Há pessoas que a sociedade ver como cultas, respeitadas, honestas com as suas coisas, mas quando se trata das coisas públicas elas são desonestas, ladinas, larápias, gatunas. Por isso, ficam no cio, preferem a mancebia da canalhice e da corrupção.

E quando elas estão conectadas no mundo político, violentam direitos sociais e individuais sem nenhum pudor para que seus desejos sejam saciados, nem que para isso velhas amizades sejam esquecidas e deixadas para trás; tornando-se verdadeiros sepulcros caiados, expressados com o velho tapinha nas costas.
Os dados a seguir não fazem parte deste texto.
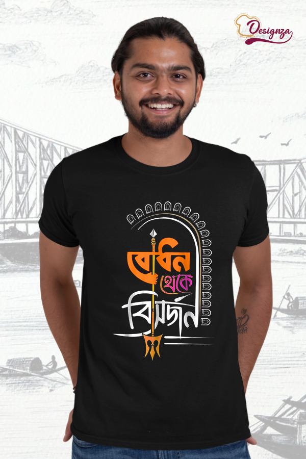 Add a spiritual touch to your wardrobe with our Bengali Typography Pooja Collection T-shirt. Crafted from 100% pure bio-wash cotton, this unisex T-shirt is soft, breathable, and perfect for all-day comfort. The unique Bengali typography design reflects the beauty of pooja traditions and is digitally printed for a vibrant, long-lasting look. Pair it with jeans, dhotis, or casual pants to make a cultural yet stylish statement during festivals or daily prayers

Quando contrariadas, costumam observar seu opositor de soslaio. De uma forma ou outra procuram macular a imagem daquela ovelha que se tornou negra, pelo simples fato de não mais compactuar de ideias vis e gatunas. Agarram-se a prepotência, impondo-a no andar e dizer quando se depara com aquele que se tornou seu desafeto. Só que essas infelizes esquecem que são empregadas eletivas. Para elas todos tem que fazer parte das coisas da “família”, pois, argumentam que “todo homem tem seu preço”.

Porque vivem, convivem com as maracutaias feito amuletos supõe que todas as pessoas do seu ciclo de amizade deve aceitá-las naturalmente. Aqueles que se recusam e se opõe, torna-se inimigo a ser perseguido e combatido. Para elas o termo corrupção faz parte do cardápio dos brasileiros.

Mas no silêncio e no miolo do pote, as práticas delas corroem a alma de remorso e solidão quando sabem que as necessidades básicas do povo não são atendidas por causa da barganha, das falcatruas, das notas negociadas, da patifaria. Amordaçados pela facilidade que a coisa pública propicia, degustam o mel da impiedade.

Infelizes sejam aqueles que se regozijam com essas práticas.